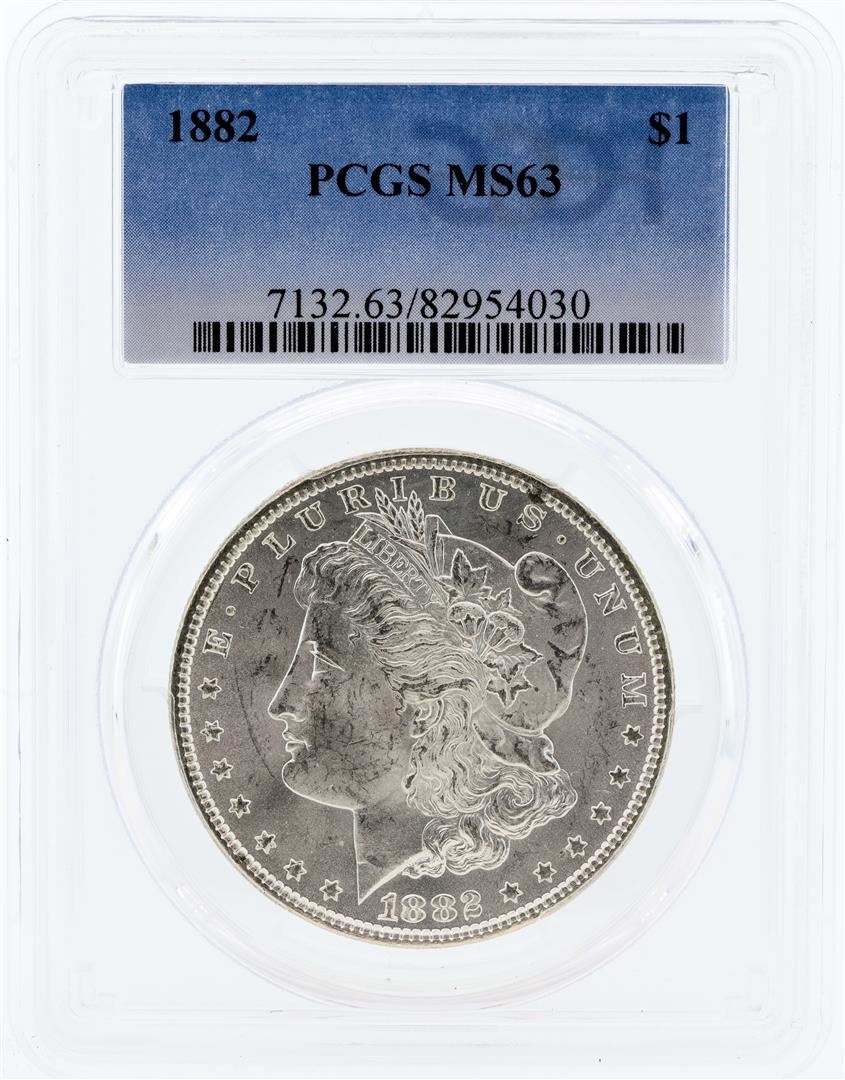 One 1882 PCGS MS63 Morgan Silver Dollar.
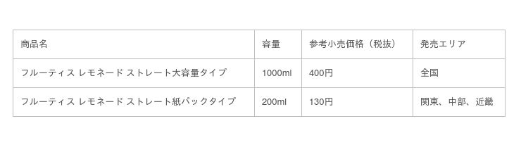 この度、21年9月に発売して好評な「フルーティス レモネード」のそのまま飲めるストレート大容量タイプとさまざまなシーンで手軽に楽しんでいただける紙パックの飲み切りタイプを新たに追加することで、さらなる市場の活性化を図ってまいります。
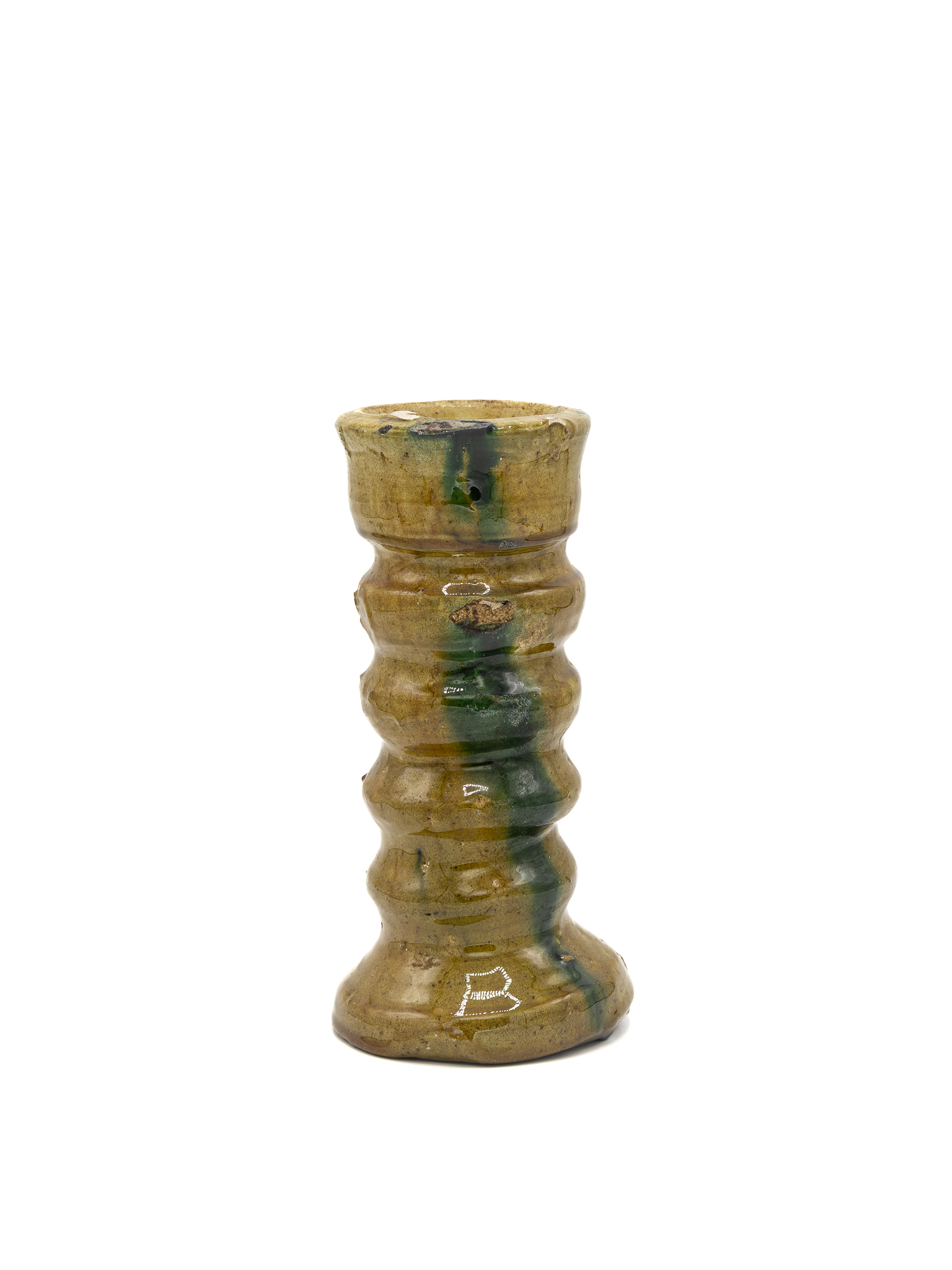 This handcrafted ceramic candlestick is characterized by its distinctive, heavily textured design featuring a series of rhythmic, organic ridges that form a ribbed columnar silhouette. This striking vessel serves as both a functional candle holder and a sculptural accent, perfect for adding a touch of earthy, historical charm to a mantel or dining table.
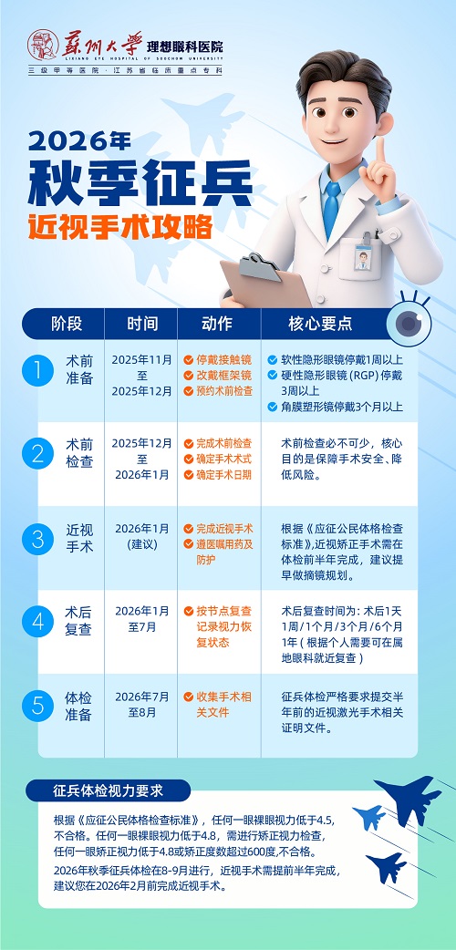 热血军营梦,视力先达标!2026 年男兵应征报名通道已正式开启!对于受近视困扰的有志青年而言,视力达标是叩响军营大门的关键门槛。根据《应征公民体格检查标准》,屈光不正经准分子激光手术后需满半年且无并发症、裸眼视力达 4.8 以上方可合格。把握黄金手术时间节点,提前规划近视矫正,才能为参军梦想扫清障碍。以下这份时间规划指南,助你清晰备战、顺利应征。
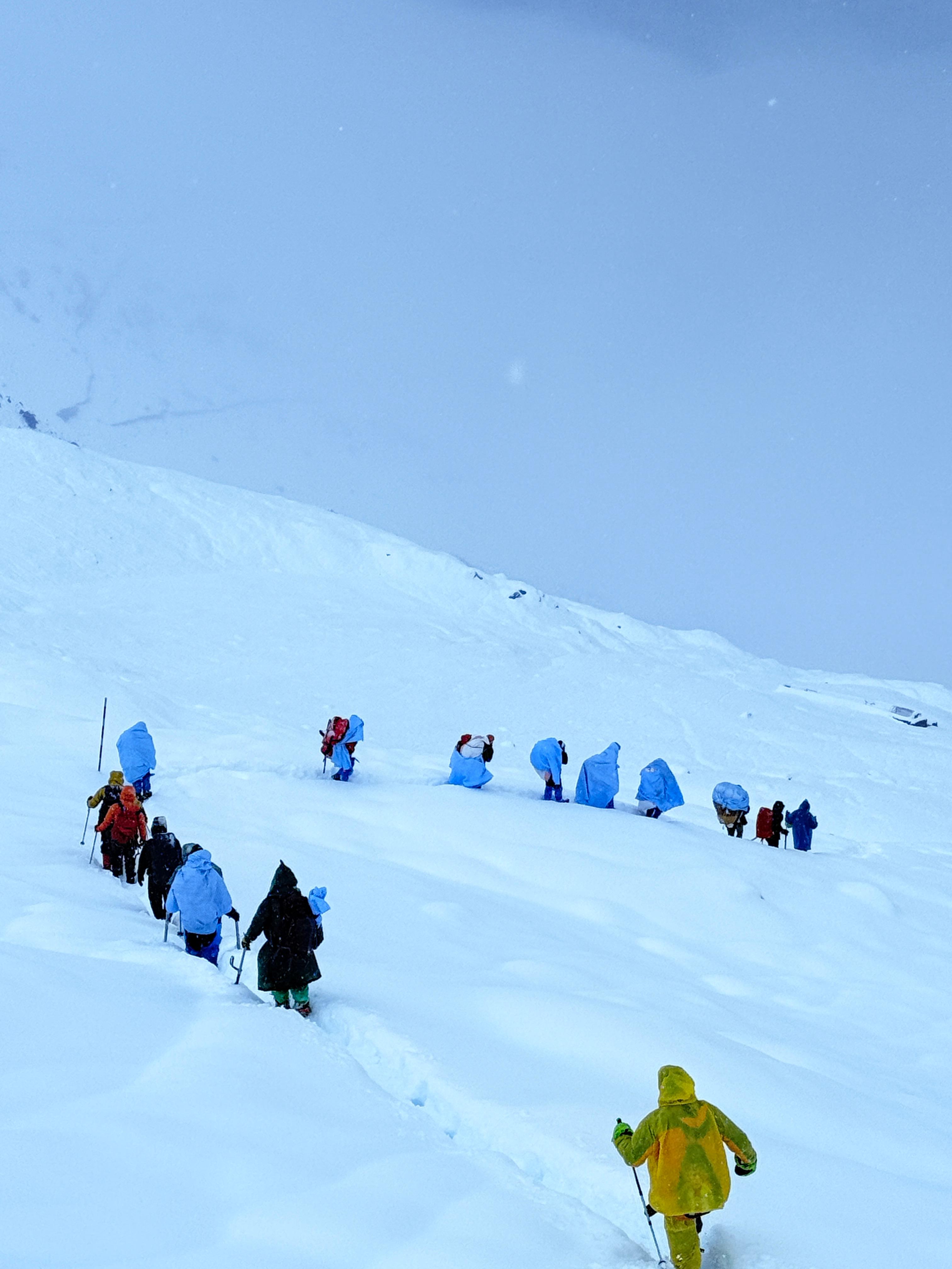 To lighten their load, the Nepali support staff left behind non-essential items such as kitchenware and tables. They crossed Dhampus Pass (5,200m) to meet rescuers.
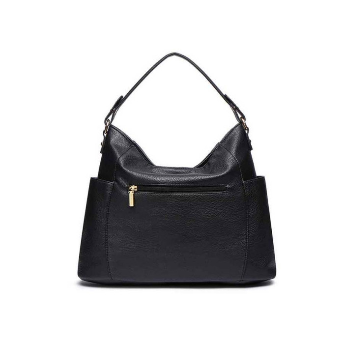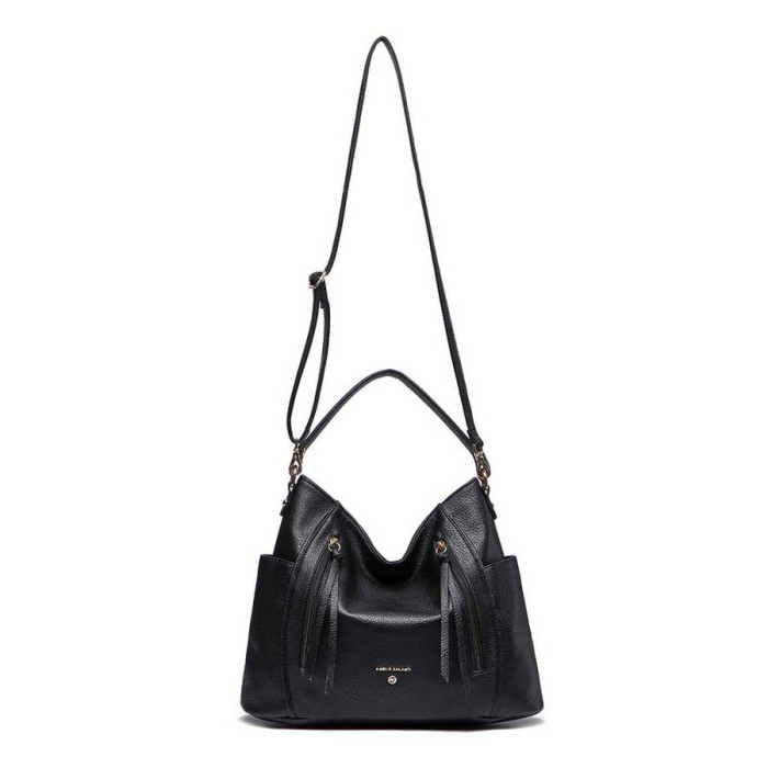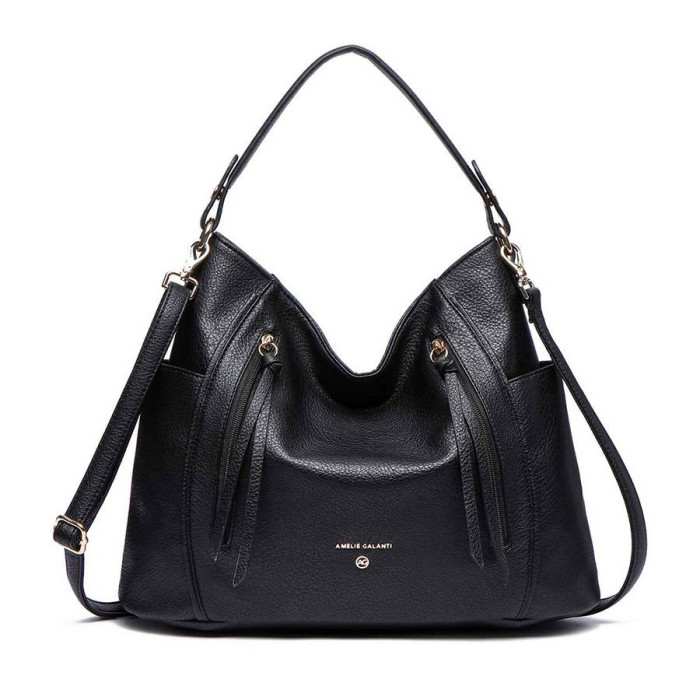 Розміри (X * Y * Z): 38 (замір по дну) х 26 х 12 см. Колір: чорний. Колір фурнітури: золото. Матеріал: шкірзамінник. Матеріал підкладки: тканина. Кількість основних відділень: 1. Всередині є 1 кишеня на блискавці і 2 накладних. На лицьовій стороні є дві Вертикальні кишені на блискавках. На тильній стороні сумки є 1 прорізна кишеня на блискавці. Сумка має дві бічні кишені. Також сумка має знімну ручку для перенесення в руці, їх довжина становить 39 см. У комплекс входить плечовий ремінь, довжина якого становить 128 см. Аксесуар можна носитив руці, на плечі або через плече. Модель закривається за допомогою блискавки. Документи формату А4 не поміщаються в сумку. Сумка упакована в поліетиленовий пакет. Країна походження торгової марки AMELIE GALANTI і країна-виробник-Китай. Гарантія: 1 місяць.

+ + + +

Starting at the first line of the records above, set down each line exactly through the one that holds "To lighten their". Omit pictures.

 One 1882 PCGS MS63 Morgan Silver Dollar.
 この度、21年9月に発売して好評な「フルーティス レモネード」のそのまま飲めるストレート大容量タイプとさまざまなシーンで手軽に楽しんでいただける紙パックの飲み切りタイプを新たに追加することで、さらなる市場の活性化を図ってまいります。
 This handcrafted ceramic candlestick is characterized by its distinctive, heavily textured design featuring a series of rhythmic, organic ridges that form a ribbed columnar silhouette. This striking vessel serves as both a functional candle holder and a sculptural accent, perfect for adding a touch of earthy, historical charm to a mantel or dining table.
 热血军营梦,视力先达标!2026 年男兵应征报名通道已正式开启!对于受近视困扰的有志青年而言,视力达标是叩响军营大门的关键门槛。根据《应征公民体格检查标准》,屈光不正经准分子激光手术后需满半年且无并发症、裸眼视力达 4.8 以上方可合格。把握黄金手术时间节点,提前规划近视矫正,才能为参军梦想扫清障碍。以下这份时间规划指南,助你清晰备战、顺利应征。
 To lighten their load, the Nepali support staff left behind non-essential items such as kitchenware and tables. They crossed Dhampus Pass (5,200m) to meet rescuers.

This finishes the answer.